Material supplied section start
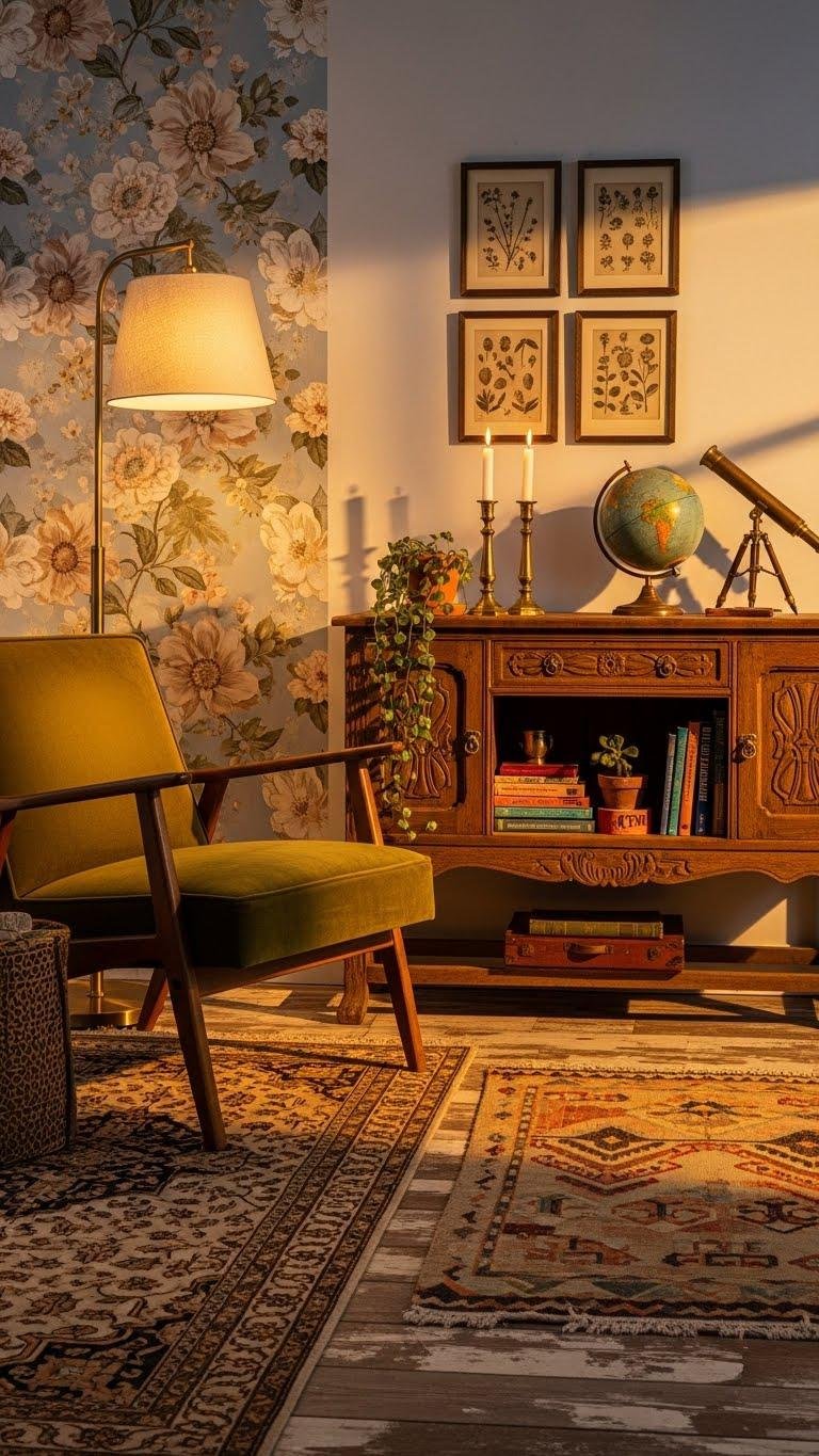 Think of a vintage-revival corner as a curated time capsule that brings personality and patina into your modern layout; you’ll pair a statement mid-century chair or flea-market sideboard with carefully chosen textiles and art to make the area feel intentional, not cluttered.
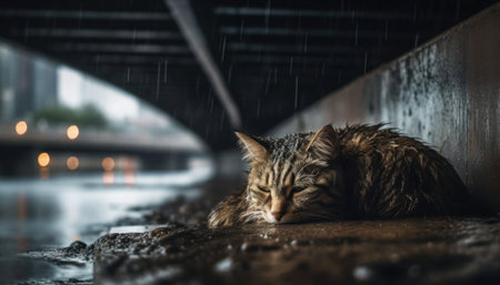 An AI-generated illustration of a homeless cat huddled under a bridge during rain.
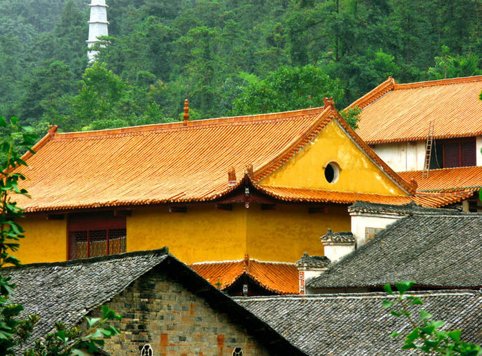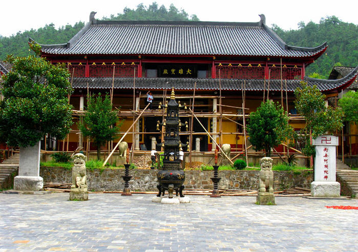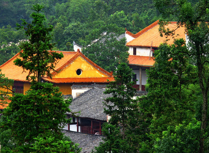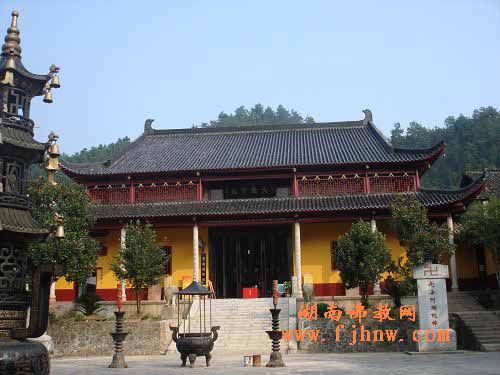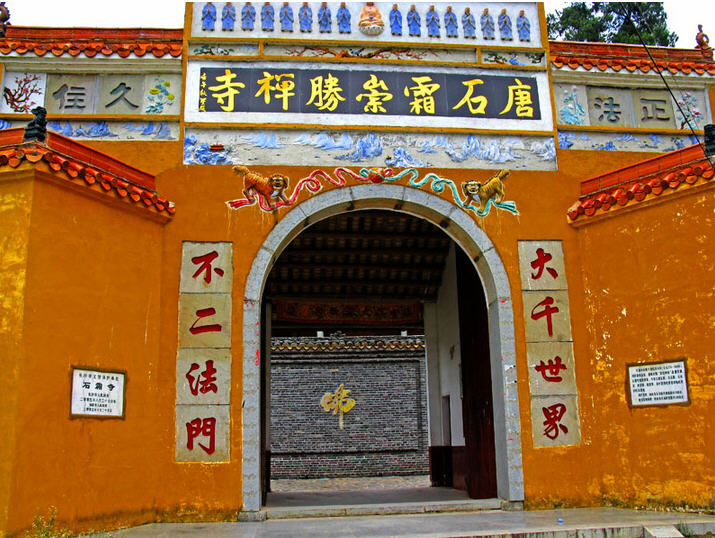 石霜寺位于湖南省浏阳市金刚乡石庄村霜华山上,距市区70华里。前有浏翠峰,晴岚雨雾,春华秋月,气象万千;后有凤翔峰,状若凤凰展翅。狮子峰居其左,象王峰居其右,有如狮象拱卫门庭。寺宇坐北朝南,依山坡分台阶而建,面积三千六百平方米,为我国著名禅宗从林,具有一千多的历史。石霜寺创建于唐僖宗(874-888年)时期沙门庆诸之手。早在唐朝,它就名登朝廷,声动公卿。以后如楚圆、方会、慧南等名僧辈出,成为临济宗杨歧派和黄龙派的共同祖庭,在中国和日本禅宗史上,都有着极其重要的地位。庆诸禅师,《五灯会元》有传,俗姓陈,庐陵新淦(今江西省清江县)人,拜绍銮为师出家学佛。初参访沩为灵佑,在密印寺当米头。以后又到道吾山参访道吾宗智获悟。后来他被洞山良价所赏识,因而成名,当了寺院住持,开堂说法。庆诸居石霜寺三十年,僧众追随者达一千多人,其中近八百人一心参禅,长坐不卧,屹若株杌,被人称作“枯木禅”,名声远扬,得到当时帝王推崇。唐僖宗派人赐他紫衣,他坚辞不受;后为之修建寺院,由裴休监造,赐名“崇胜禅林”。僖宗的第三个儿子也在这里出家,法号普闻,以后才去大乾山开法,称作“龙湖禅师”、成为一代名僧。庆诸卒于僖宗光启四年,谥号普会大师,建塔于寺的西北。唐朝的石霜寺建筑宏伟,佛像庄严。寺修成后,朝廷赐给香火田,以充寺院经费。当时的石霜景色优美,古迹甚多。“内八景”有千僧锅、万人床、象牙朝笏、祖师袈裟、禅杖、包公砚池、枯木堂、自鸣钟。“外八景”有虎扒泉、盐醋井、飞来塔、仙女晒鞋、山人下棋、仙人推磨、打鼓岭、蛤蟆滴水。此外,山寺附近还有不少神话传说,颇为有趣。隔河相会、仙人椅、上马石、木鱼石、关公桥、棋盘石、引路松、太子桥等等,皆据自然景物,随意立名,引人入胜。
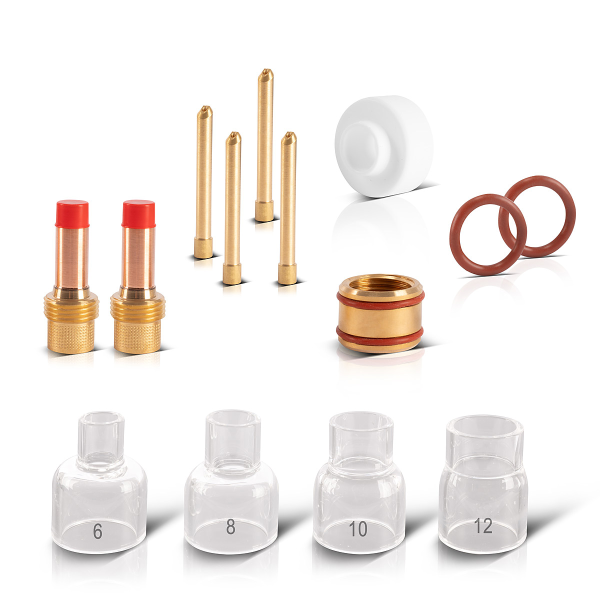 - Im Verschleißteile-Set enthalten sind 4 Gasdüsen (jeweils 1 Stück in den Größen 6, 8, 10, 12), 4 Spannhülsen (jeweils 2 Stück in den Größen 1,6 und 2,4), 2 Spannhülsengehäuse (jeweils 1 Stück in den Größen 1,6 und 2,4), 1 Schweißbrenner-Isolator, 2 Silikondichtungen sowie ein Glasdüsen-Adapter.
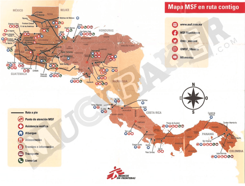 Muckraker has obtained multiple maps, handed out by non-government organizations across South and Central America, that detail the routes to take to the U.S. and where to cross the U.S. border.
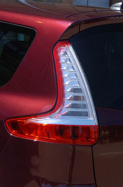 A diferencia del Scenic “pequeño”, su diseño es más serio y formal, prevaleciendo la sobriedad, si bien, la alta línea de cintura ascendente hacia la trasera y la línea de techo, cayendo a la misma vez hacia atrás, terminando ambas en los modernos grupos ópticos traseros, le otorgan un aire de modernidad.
Material supplied section end
• **Your goal**: Exactly as they stand, retype all the entries, but omit the pictures.

• **Exercise answer**:
 Think of a vintage-revival corner as a curated time capsule that brings personality and patina into your modern layout; you’ll pair a statement mid-century chair or flea-market sideboard with carefully chosen textiles and art to make the area feel intentional, not cluttered.
 An AI-generated illustration of a homeless cat huddled under a bridge during rain.
 石霜寺位于湖南省浏阳市金刚乡石庄村霜华山上,距市区70华里。前有浏翠峰,晴岚雨雾,春华秋月,气象万千;后有凤翔峰,状若凤凰展翅。狮子峰居其左,象王峰居其右,有如狮象拱卫门庭。寺宇坐北朝南,依山坡分台阶而建,面积三千六百平方米,为我国著名禅宗从林,具有一千多的历史。石霜寺创建于唐僖宗(874-888年)时期沙门庆诸之手。早在唐朝,它就名登朝廷,声动公卿。以后如楚圆、方会、慧南等名僧辈出,成为临济宗杨歧派和黄龙派的共同祖庭,在中国和日本禅宗史上,都有着极其重要的地位。庆诸禅师,《五灯会元》有传,俗姓陈,庐陵新淦(今江西省清江县)人,拜绍銮为师出家学佛。初参访沩为灵佑,在密印寺当米头。以后又到道吾山参访道吾宗智获悟。后来他被洞山良价所赏识,因而成名,当了寺院住持,开堂说法。庆诸居石霜寺三十年,僧众追随者达一千多人,其中近八百人一心参禅,长坐不卧,屹若株杌,被人称作“枯木禅”,名声远扬,得到当时帝王推崇。唐僖宗派人赐他紫衣,他坚辞不受;后为之修建寺院,由裴休监造,赐名“崇胜禅林”。僖宗的第三个儿子也在这里出家,法号普闻,以后才去大乾山开法,称作“龙湖禅师”、成为一代名僧。庆诸卒于僖宗光启四年,谥号普会大师,建塔于寺的西北。唐朝的石霜寺建筑宏伟,佛像庄严。寺修成后,朝廷赐给香火田,以充寺院经费。当时的石霜景色优美,古迹甚多。“内八景”有千僧锅、万人床、象牙朝笏、祖师袈裟、禅杖、包公砚池、枯木堂、自鸣钟。“外八景”有虎扒泉、盐醋井、飞来塔、仙女晒鞋、山人下棋、仙人推磨、打鼓岭、蛤蟆滴水。此外,山寺附近还有不少神话传说,颇为有趣。隔河相会、仙人椅、上马石、木鱼石、关公桥、棋盘石、引路松、太子桥等等,皆据自然景物,随意立名,引人入胜。
 - Im Verschleißteile-Set enthalten sind 4 Gasdüsen (jeweils 1 Stück in den Größen 6, 8, 10, 12), 4 Spannhülsen (jeweils 2 Stück in den Größen 1,6 und 2,4), 2 Spannhülsengehäuse (jeweils 1 Stück in den Größen 1,6 und 2,4), 1 Schweißbrenner-Isolator, 2 Silikondichtungen sowie ein Glasdüsen-Adapter.
 Muckraker has obtained multiple maps, handed out by non-government organizations across South and Central America, that detail the routes to take to the U.S. and where to cross the U.S. border.
 A diferencia del Scenic “pequeño”, su diseño es más serio y formal, prevaleciendo la sobriedad, si bien, la alta línea de cintura ascendente hacia la trasera y la línea de techo, cayendo a la misma vez hacia atrás, terminando ambas en los modernos grupos ópticos traseros, le otorgan un aire de modernidad.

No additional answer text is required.